AIM OF THE EXERCISE:
Return exactly the lines below, starting with the one that has "оставалось в холодильнике?)))))))" and going on through the one that has "Both ends of".

INPUT DATA:
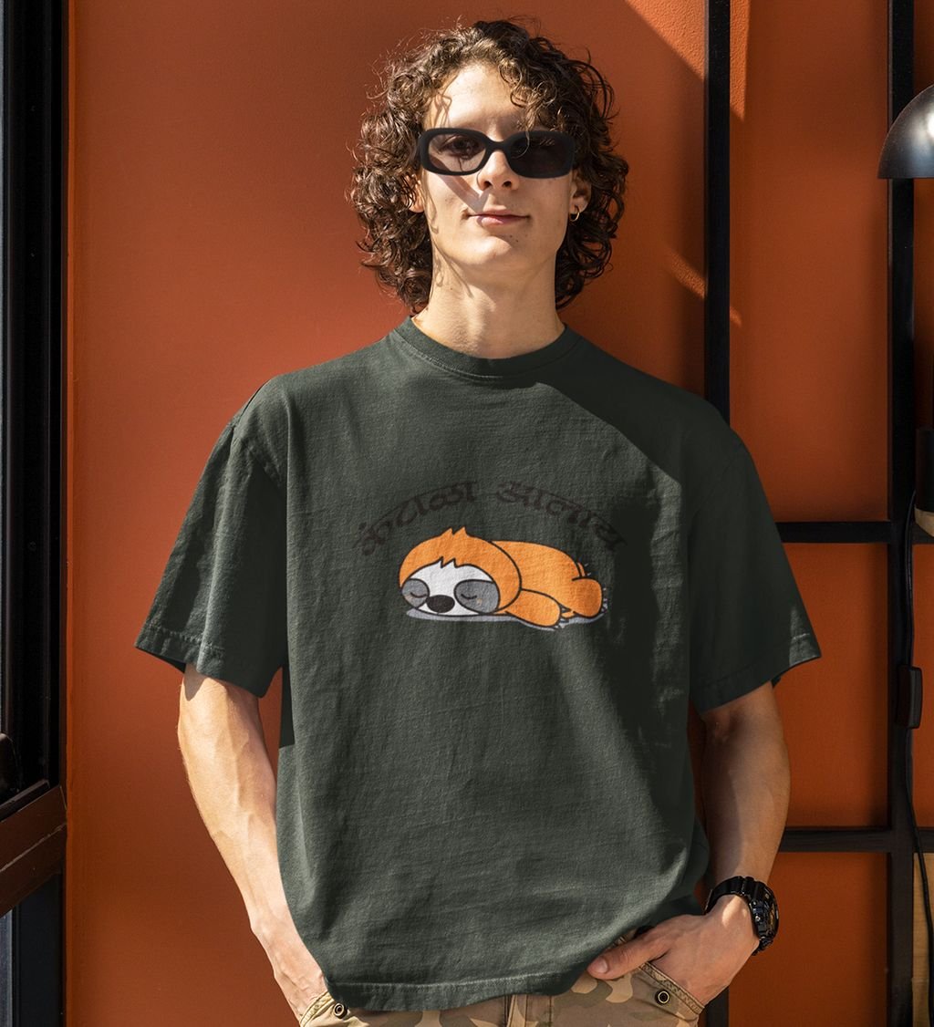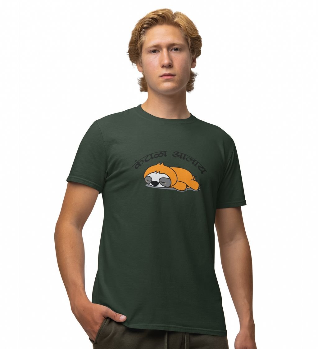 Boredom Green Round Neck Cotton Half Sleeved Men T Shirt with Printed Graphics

---

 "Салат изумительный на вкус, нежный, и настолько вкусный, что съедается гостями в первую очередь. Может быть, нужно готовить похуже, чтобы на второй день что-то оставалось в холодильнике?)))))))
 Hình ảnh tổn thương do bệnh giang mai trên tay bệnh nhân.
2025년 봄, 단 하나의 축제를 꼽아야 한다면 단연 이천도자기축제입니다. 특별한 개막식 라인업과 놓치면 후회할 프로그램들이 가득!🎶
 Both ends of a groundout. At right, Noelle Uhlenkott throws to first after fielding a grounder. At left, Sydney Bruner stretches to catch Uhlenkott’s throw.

SOLUTION:
 "Салат изумительный на вкус, нежный, и настолько вкусный, что съедается гостями в первую очередь. Может быть, нужно готовить похуже, чтобы на второй день что-то оставалось в холодильнике?)))))))
 Hình ảnh tổn thương do bệnh giang mai trên tay bệnh nhân.
2025년 봄, 단 하나의 축제를 꼽아야 한다면 단연 이천도자기축제입니다. 특별한 개막식 라인업과 놓치면 후회할 프로그램들이 가득!🎶
 Both ends of a groundout. At right, Noelle Uhlenkott throws to first after fielding a grounder. At left, Sydney Bruner stretches to catch Uhlenkott’s throw.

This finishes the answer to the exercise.